- _Task description_
Word for word, retype the first line of the records and every following line through the one containing "According to Yonhap".

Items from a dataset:
[Start of Attachment]

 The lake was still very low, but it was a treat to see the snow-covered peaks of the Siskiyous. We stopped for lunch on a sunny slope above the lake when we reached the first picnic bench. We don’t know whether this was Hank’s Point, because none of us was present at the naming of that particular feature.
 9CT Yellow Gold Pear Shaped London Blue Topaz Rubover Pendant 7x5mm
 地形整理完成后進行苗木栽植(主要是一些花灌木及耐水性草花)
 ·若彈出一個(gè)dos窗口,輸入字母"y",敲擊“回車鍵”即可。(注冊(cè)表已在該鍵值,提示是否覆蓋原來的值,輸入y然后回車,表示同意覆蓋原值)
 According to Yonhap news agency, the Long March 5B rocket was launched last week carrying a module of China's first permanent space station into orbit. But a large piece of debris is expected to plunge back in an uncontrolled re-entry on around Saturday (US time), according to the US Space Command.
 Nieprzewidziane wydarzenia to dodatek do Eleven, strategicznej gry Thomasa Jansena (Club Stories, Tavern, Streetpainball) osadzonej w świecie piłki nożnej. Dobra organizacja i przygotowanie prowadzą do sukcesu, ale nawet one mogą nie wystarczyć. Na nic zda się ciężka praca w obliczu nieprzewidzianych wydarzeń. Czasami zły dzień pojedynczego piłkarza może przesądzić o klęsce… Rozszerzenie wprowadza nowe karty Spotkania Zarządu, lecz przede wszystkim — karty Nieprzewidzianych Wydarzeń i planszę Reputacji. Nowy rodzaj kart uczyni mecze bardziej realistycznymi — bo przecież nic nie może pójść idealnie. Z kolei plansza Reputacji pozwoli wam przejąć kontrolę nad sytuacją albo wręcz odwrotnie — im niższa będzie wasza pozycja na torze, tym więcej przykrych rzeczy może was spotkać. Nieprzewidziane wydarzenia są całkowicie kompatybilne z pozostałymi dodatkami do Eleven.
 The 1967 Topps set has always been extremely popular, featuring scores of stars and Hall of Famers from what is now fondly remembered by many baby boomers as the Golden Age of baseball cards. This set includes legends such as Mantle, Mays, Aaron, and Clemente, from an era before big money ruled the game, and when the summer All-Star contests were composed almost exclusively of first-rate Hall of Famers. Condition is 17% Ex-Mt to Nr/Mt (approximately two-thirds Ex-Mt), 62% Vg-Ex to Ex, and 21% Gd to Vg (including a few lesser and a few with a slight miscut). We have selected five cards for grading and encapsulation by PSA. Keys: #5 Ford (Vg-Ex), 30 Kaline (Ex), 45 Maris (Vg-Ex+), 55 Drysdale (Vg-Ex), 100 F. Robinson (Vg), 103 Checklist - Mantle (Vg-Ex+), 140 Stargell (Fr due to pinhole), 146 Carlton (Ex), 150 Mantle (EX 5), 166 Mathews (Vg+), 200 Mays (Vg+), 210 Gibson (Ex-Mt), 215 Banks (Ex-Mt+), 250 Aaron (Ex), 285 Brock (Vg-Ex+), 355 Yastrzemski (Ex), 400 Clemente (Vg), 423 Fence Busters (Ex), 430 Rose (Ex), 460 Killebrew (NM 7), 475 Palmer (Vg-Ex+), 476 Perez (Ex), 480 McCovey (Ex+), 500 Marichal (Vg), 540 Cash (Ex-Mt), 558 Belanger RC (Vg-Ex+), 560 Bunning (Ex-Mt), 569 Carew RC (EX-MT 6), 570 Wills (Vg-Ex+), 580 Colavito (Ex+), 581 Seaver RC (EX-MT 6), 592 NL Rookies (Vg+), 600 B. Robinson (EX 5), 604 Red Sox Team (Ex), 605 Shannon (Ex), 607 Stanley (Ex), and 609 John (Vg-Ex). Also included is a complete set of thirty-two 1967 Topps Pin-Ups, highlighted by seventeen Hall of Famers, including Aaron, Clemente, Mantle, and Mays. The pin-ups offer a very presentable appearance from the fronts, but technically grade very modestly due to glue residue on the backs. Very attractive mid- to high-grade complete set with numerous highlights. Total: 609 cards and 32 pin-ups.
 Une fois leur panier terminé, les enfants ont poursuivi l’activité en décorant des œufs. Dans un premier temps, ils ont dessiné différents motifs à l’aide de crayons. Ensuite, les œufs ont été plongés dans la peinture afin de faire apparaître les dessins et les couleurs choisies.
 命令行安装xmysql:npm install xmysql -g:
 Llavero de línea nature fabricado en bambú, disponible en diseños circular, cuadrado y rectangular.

[End of Attachment]

- _Problem solution_
 The lake was still very low, but it was a treat to see the snow-covered peaks of the Siskiyous. We stopped for lunch on a sunny slope above the lake when we reached the first picnic bench. We don’t know whether this was Hank’s Point, because none of us was present at the naming of that particular feature.
 9CT Yellow Gold Pear Shaped London Blue Topaz Rubover Pendant 7x5mm
 地形整理完成后進行苗木栽植(主要是一些花灌木及耐水性草花)
 ·若彈出一個(gè)dos窗口,輸入字母"y",敲擊“回車鍵”即可。(注冊(cè)表已在該鍵值,提示是否覆蓋原來的值,輸入y然后回車,表示同意覆蓋原值)
 According to Yonhap news agency, the Long March 5B rocket was launched last week carrying a module of China's first permanent space station into orbit. But a large piece of debris is expected to plunge back in an uncontrolled re-entry on around Saturday (US time), according to the US Space Command.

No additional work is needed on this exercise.